(Records from a dataset)
▬▬▬▬▬▬▬▬▬▬

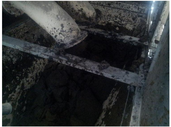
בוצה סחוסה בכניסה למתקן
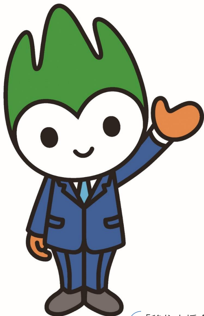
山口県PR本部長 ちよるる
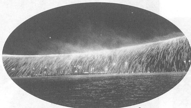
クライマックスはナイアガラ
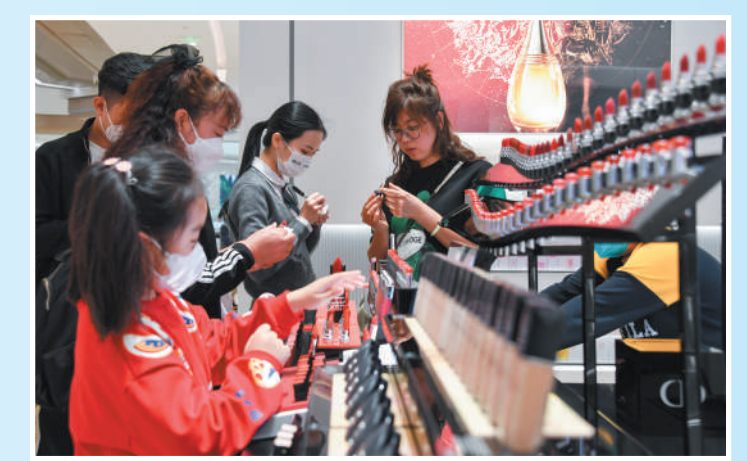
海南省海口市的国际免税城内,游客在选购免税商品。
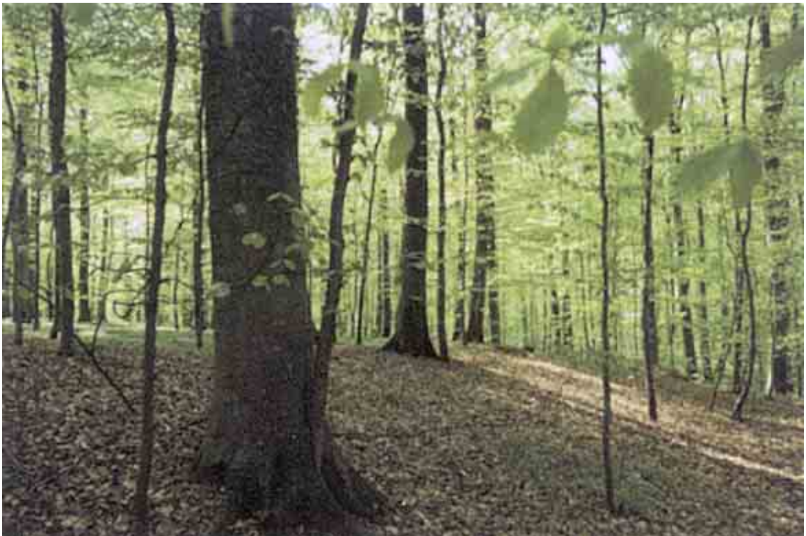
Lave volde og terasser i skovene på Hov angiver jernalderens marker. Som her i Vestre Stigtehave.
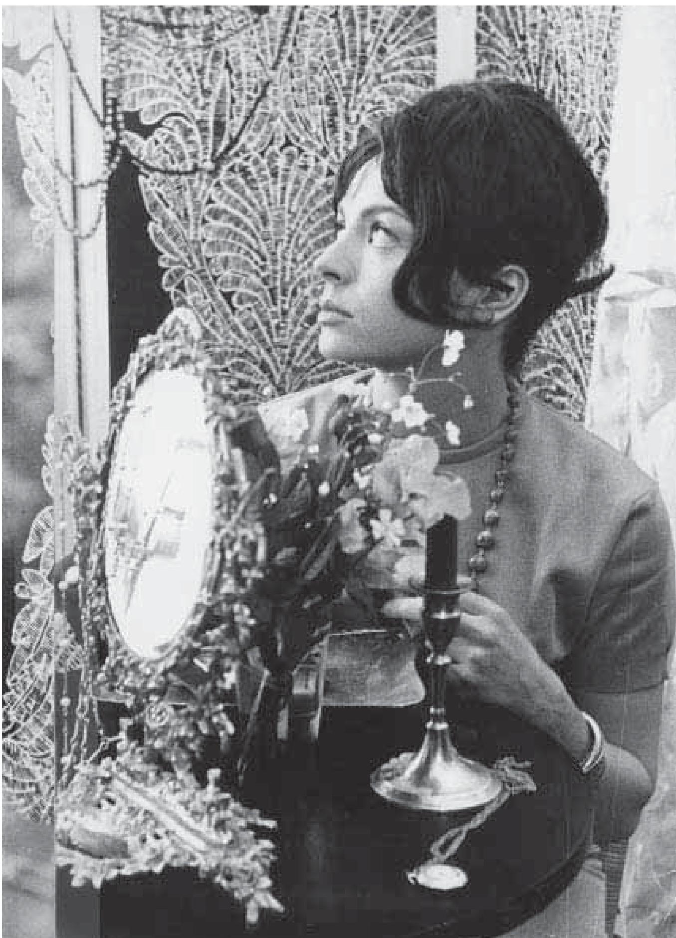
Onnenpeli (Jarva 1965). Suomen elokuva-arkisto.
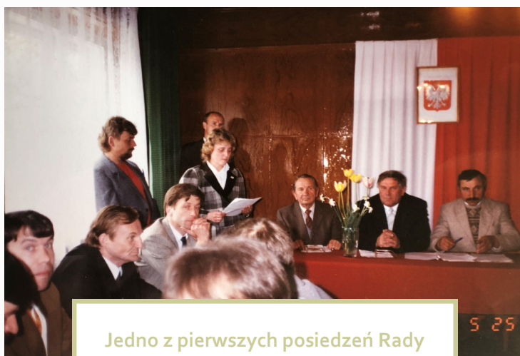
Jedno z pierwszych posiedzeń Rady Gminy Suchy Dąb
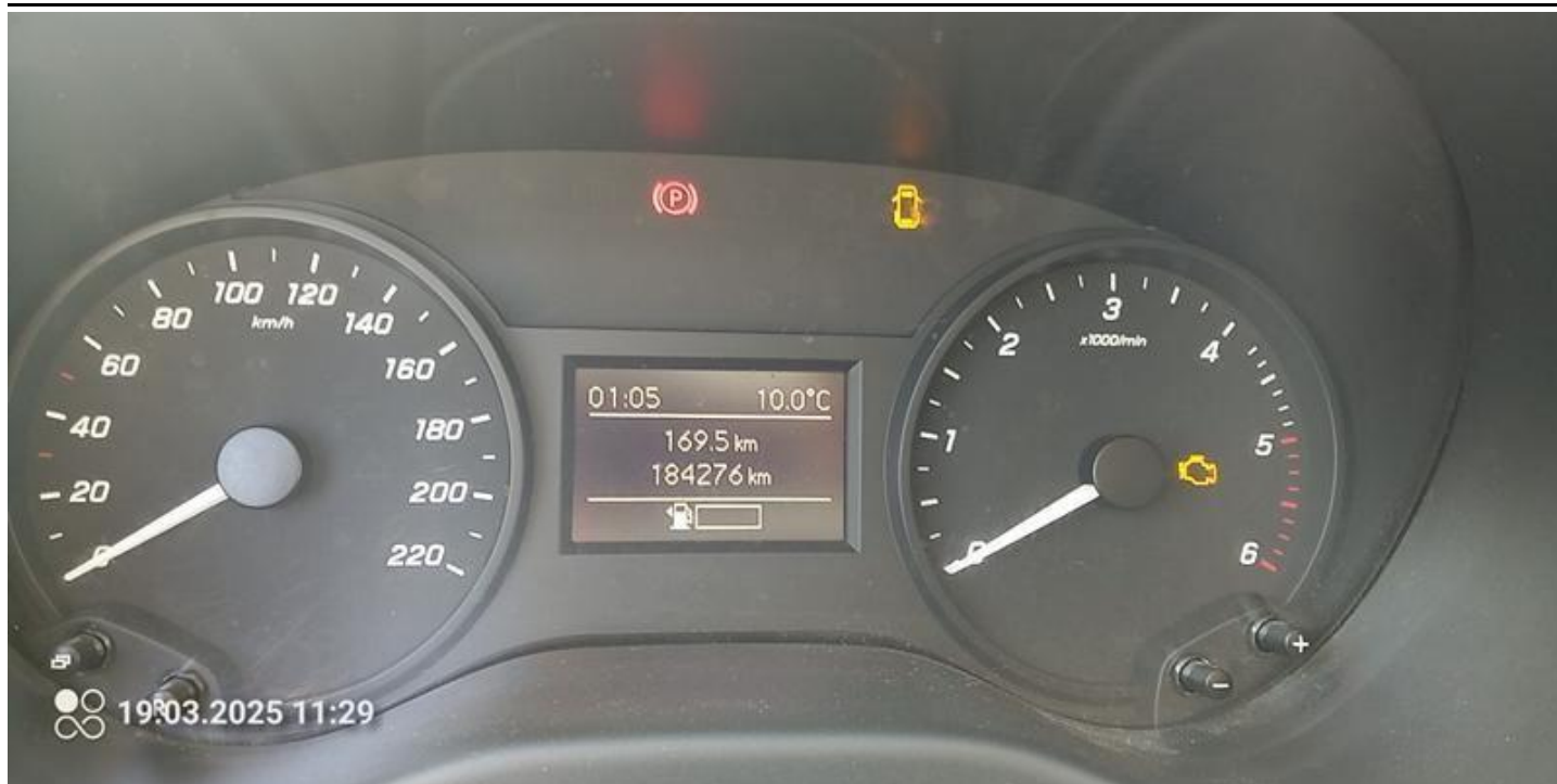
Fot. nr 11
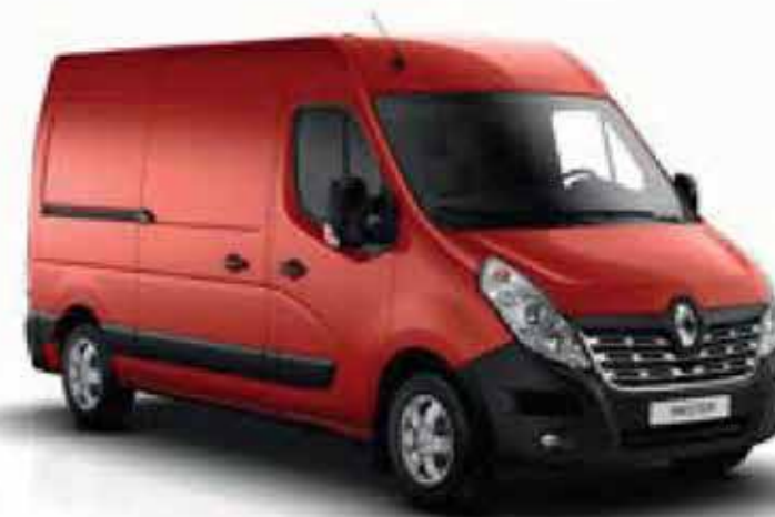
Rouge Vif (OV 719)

▬▬▬▬▬▬▬▬▬▬

Give back the records above exactly. Pictures stay out.

בוצה סחוסה בכניסה למתקן
山口県PR本部長 ちよるる
クライマックスはナイアガラ
海南省海口市的国际免税城内,游客在选购免税商品。
Lave volde og terasser i skovene på Hov angiver jernalderens marker. Som her i Vestre Stigtehave.
Onnenpeli (Jarva 1965). Suomen elokuva-arkisto.
Jedno z pierwszych posiedzeń Rady Gminy Suchy Dąb
Fot. nr 11
Rouge Vif (OV 719)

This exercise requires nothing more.